The Right to Make Messes and Mistakes
by Colleen Vanderlinden • July 13, 2011 • Gardening
By now, most of you have undoubtedly heard the story of Julie Bass, the Michigan gardener who has been charged with a misdemeanor for planting a front yard veggie garden. I wrote about it for TreeHugger, and confess to being slightly obsessed with this case. Maybe it’s because it’s happening to a local gardener. Maybe it’s because I know the type of city/city officials that would push this woman so hard on something so benign. Maybe it’s because, at my core, I believe in our right to feed our families the best way we can. More than anything, I believe in gardening.
Food, and So Much More
I write a lot about edible gardening. I teach people how to grow healthy, organic food, and try to help them find ways to make the most of the space they have, even if it’s only a windowsill. Show me a ripe ‘Brandywine’ or ‘Japanese Black Trifele’ tomato, and I will appreciate it for the work of art and sustenance that it is. An armload of rainbow-colored Swiss chard makes me happy in a way that’s hard to explain unless you’ve been there yourself.
But it’s more. Every bite of food harvested from our garden is the result of a true labor of love. Every raised bed was built by my husband, some with the help of my daughters. My husband unloaded hundreds of pounds of composted manure to fill those beds, many days, after a full day of work. We started the seeds, and the kids delighted in watching them sprout. Every bite is a memory, made twice over in both the planting and the eating.

Glorious Mistakes
I do things in my garden that I tell my readers they should never do. I plant tomatoes way too close together, because, in my greed for as many tomatoes as I can get, I start too many plants for our space. I plant carrots in shallow raised beds (though it hardly matters when we harvest them when they’re young and sweet — real baby carrots, as opposed to those lathed, dried out things pretending to be baby carrots at the grocery store.) I plant cukes and peas on the same trellis, because I’ve run out of room but still want to grow them both. They grow, and produce, but they are a mess.
A glorious mess.
What most people would consider a mistake.

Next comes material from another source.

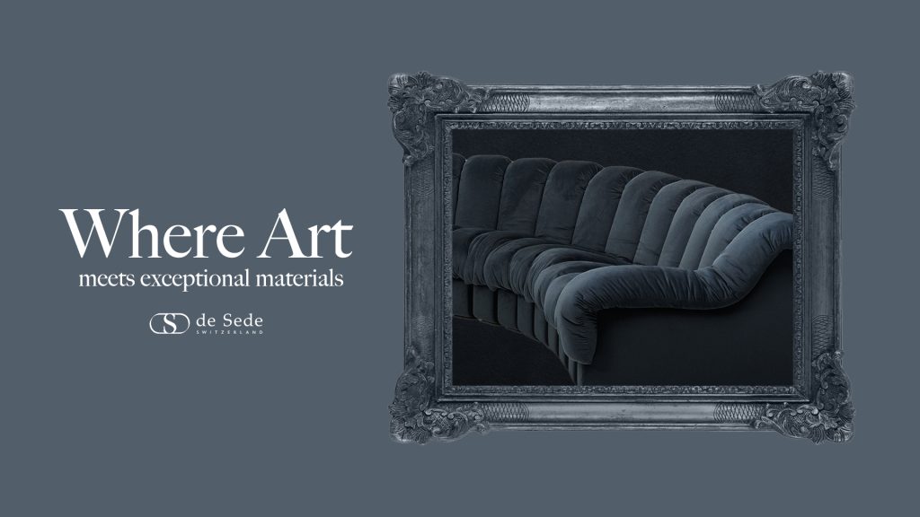 The campaign highlights the sofa's sculptural form, luxurious craftsmanship, and exceptional quality of materials chosen.

They could even be considered ugly and unkempt.

The Right to Make Mistakes
And I think that’s what gets me about this current situation, and last summer’s infamous Ugly Gardens uproar. I’ve seen people say that maybe if she’d designed it better, she wouldn’t have had a problem with her veggie garden. People have criticized the planter beds, the red mulch, the health of the plants. And I wonder how and when everyone got to be so fucking perfect.
Because when I look at the photos of Julie Bass’ garden, and see the first efforts of several other gardeners who’ve shared photos with me, I’m taken back to my first garden; a raised bed that held too many plants and didn’t live up to the dreams I had for it. I see the seeds of a gardening dream that sprout not just an annual fad that will die at the end of the season, but a perennial obsession that will weather a harsh winter and live again, growing stronger as the years go by.
I see love, and pride in what you’re doing, even if you’re technically doing it wrong.
I see mistakes that turn into the knowledge that makes us better gardeners.
And I believe, endlessly, in our right to make mistakes.